Your comments about erotic hearts and extending them physically are confusing. I don't reduce the romantic or love states of people into eros and then seek for some sort of physical justification to that. But I don't consider things like arousal sin, necessarily, either, so I am not working from the premise you appear to be constructing. I certainly would not consider an attraction or an arousal acting out.
To sum up what I am saying, the physical connection with the love connection must be in line with the conscience, the edict as it might best be understood in protecting the individual, and the respective, permissive will of God.
You seem to imply that there are erotic hearts and God forbids them to act out. Again, I find that problematic for a number of reasons as mentioned above. I simply don't think that has anything to do with anything.
Mr. Honestly, thanks for the reply. Its funny, but with every post you make, you seem to be closer to what I think and what I bet Mohler thinks too. I'm confident he would say what you said about why gays shouldn't act out, as well as what you guessed he would say.
In your previous comment, you said that gays should consider civil unions. I assume you think those civil unions should be sexless? That they should live together, cuddle together, and share finances but not do anything sexual?
Do you think David and Jonathan would be accurately described as homosexual? I don't think it was at all. Kissing is something men do all over the world (italy, russia etc.) and its not erotic. With the reference that their love surpassed that of a woman, I think its not a principle for all people (I sensed you implied this in an earlier comment), but an incidental/particular statement that David had never loved a woman as he loved Jonathan, which could say something about David's deficiency in not loving his wife (wives) as himself.
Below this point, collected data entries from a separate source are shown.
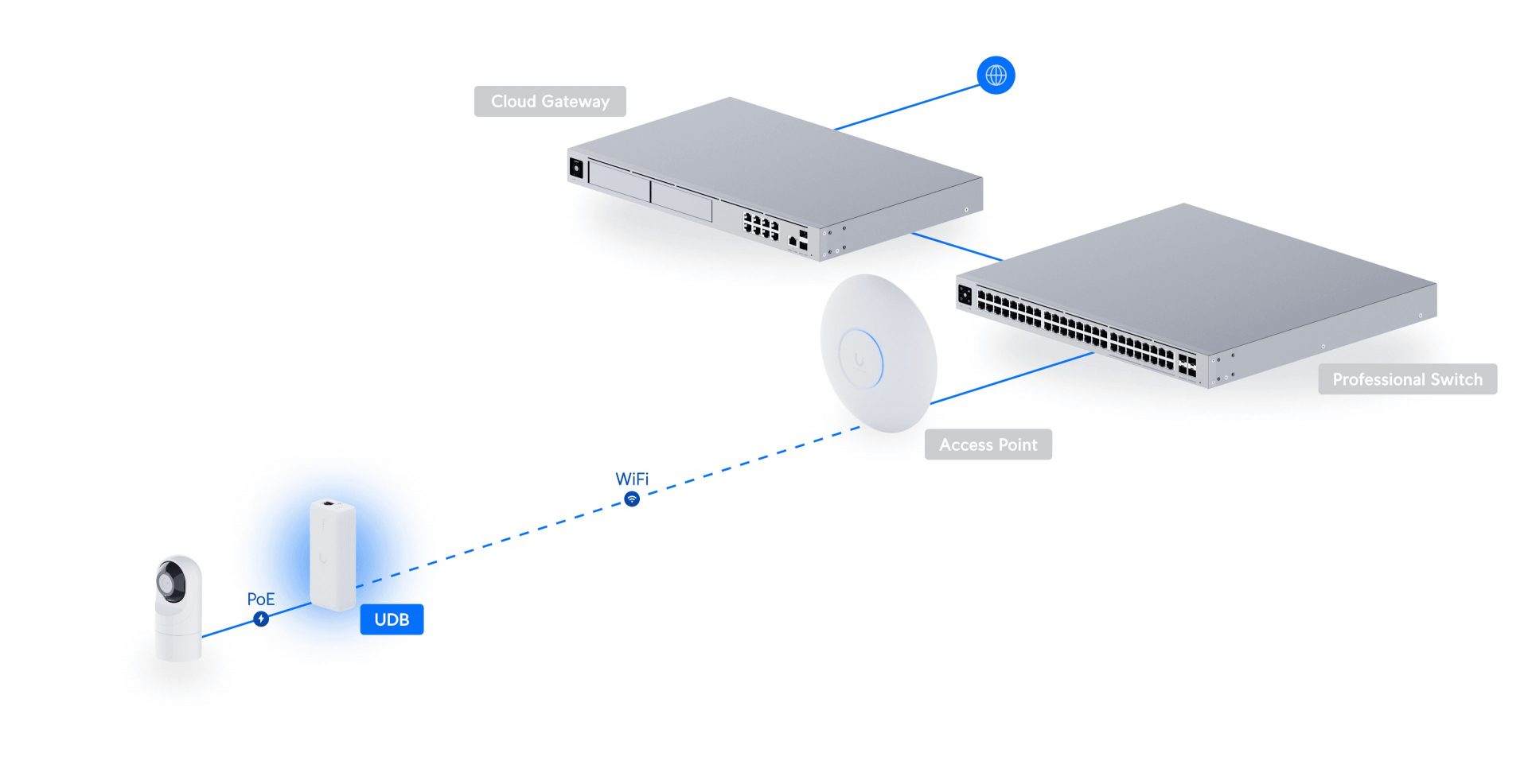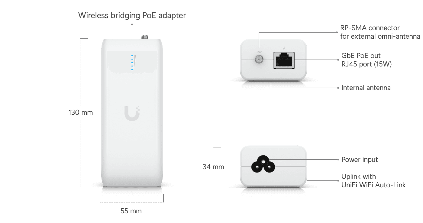 Plug-and-play, wireless bridging PoE adapter with integrated UniFi WiFi Auto-Link.
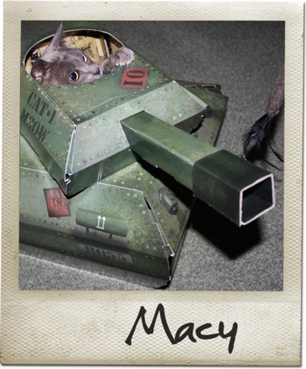 No cat owner can deny the joy their whiskered friend would feel behind the wheel of a cardboard war machine!
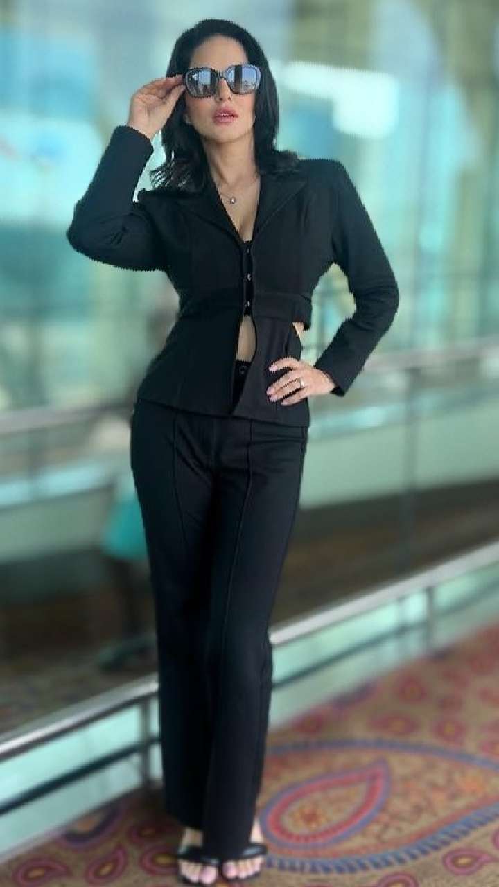 सनी लियोनी का ये ऑल ब्लैक लुक ब्लैक लवर्स के लिए बिल्कुल परफेक्ट है। ये आउटफिट आप ऑफिस में कैरी कर सकती हैं।
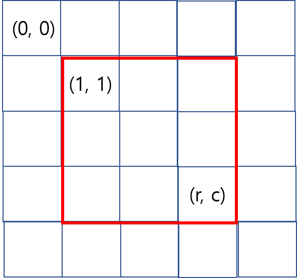 아래 그림처럼 지도를 (1, 1)부터 입력받으면 지훈이의 위치가 0행이거나 0열이거나 R+1행이거나 C+1 열인 경우 미로를 탈출한다.
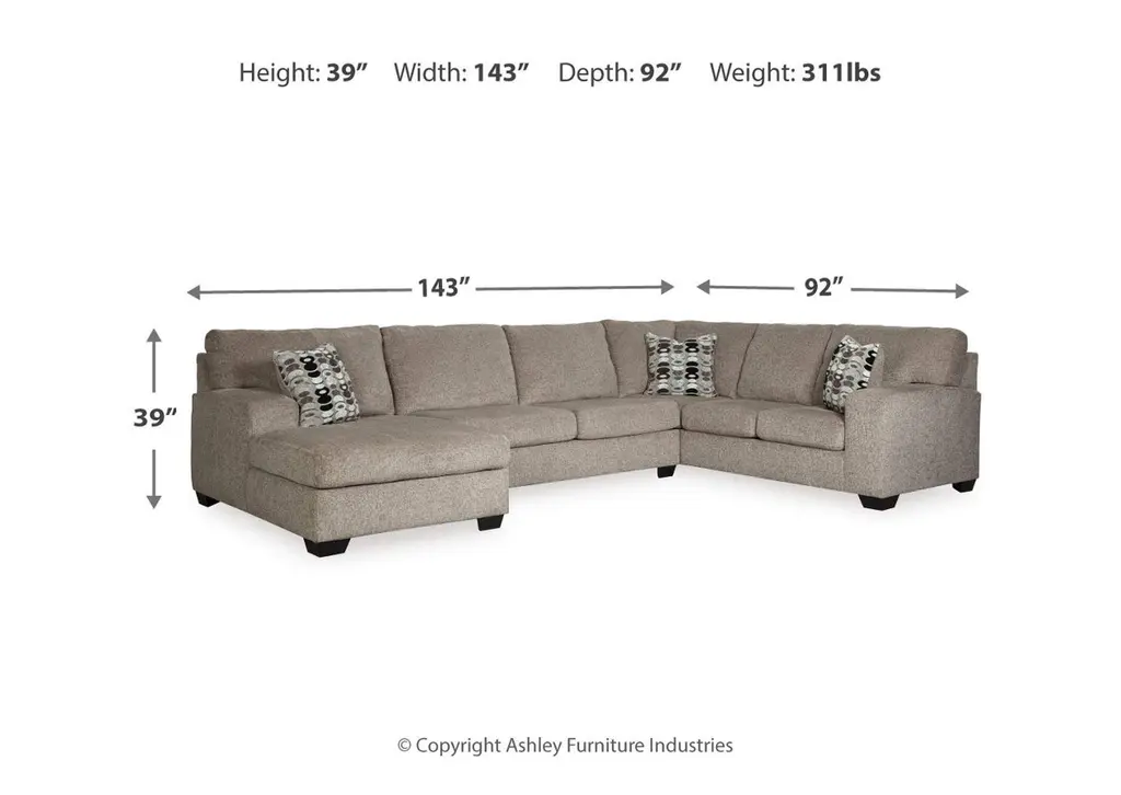 A mastery in less is more, the Ballinasloe sectional manages to make cool, contemporary design so warm and cozy. A new twist on neutral, the sectional’s soothing "platinum" tone upholstery is incredibly plush to the touch. Gently rounded corners give the clean-lined profile a sense of ease, for a high-style look that’s ultra inviting. Weight 323.000 lbs. (145.35kgs.)
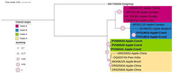 Three ARWV1 ML phylogenetic trees were constructed based on the complete coding region of replicase (Figure S10), movement (Figure S11), and coat proteins (Figure 3). The topology of the movement protein tree was largely similar to that observed for the replicase coding region, revealing four distinct clades. The five Czech ARWV1 isolates, subjects of this study, formed a distinct clade (clade C). In contrast, the ML phylogenetic tree constructed based on the coat protein coding region (Figure 3) showed a different topology, with the Czech isolates no longer clustering together. Two isolates (PV014913 and PV014914), both detected in mixed infections, clustered within clade B with isolates from Canada and Belgium. The remaining three Czech isolates (PV056530, PV056541, and PV056543), identified in single infections, remained within clade C.
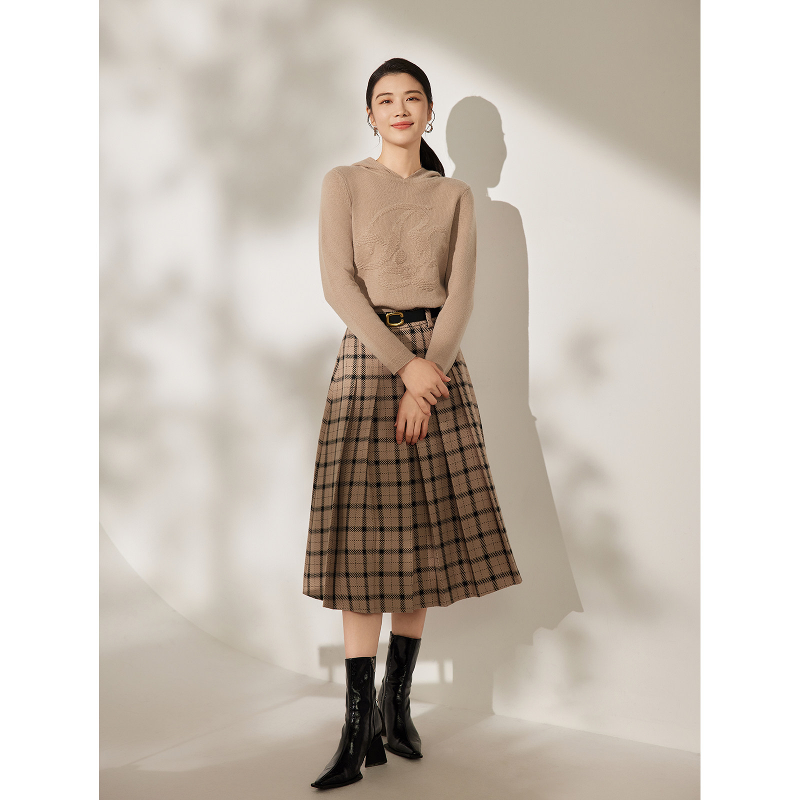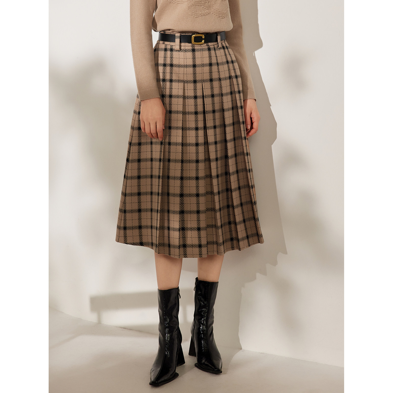 【复古摩登】BBLLUUEE/粉蓝衣橱商场同款2025秋冬色织格纹半身裙
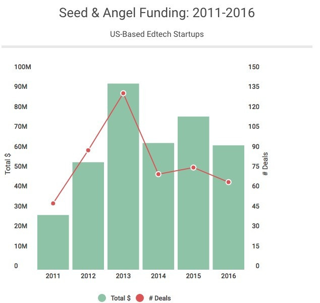 2016 年,美国教育科技界的天使轮、种子轮融资数量也在减少(仅有66 起),已跌至 2011 年来最低,但融资总额为 6250 万美元,基本与 2014 年持平。

Actually, if we apply the golden rule, we will and should love our neighbors as David loved Jonathan. If thats true, then they are an example of neighbor-love, and have nothing to do with the modern concept of homosexuality as a sexual attraction.
Scripture definitely doesn't come out and say you need to do xyz to be married, but I don't think that what is done and required right now for marriage is unbiblical or bad at all, though there is often a lack of things (like pastors not doing premarital or knowing the sins of the couple) that should be done. It would be nice to read a good book about defining marriage as food for thought.
I hope we're understanding each other more. Looking forward to your reply.
Also, I admit that sometimes I do differ with/dislike Mohler's approach at certain times to certain subjects, but he's definitely not trying to sling mud around with what he said.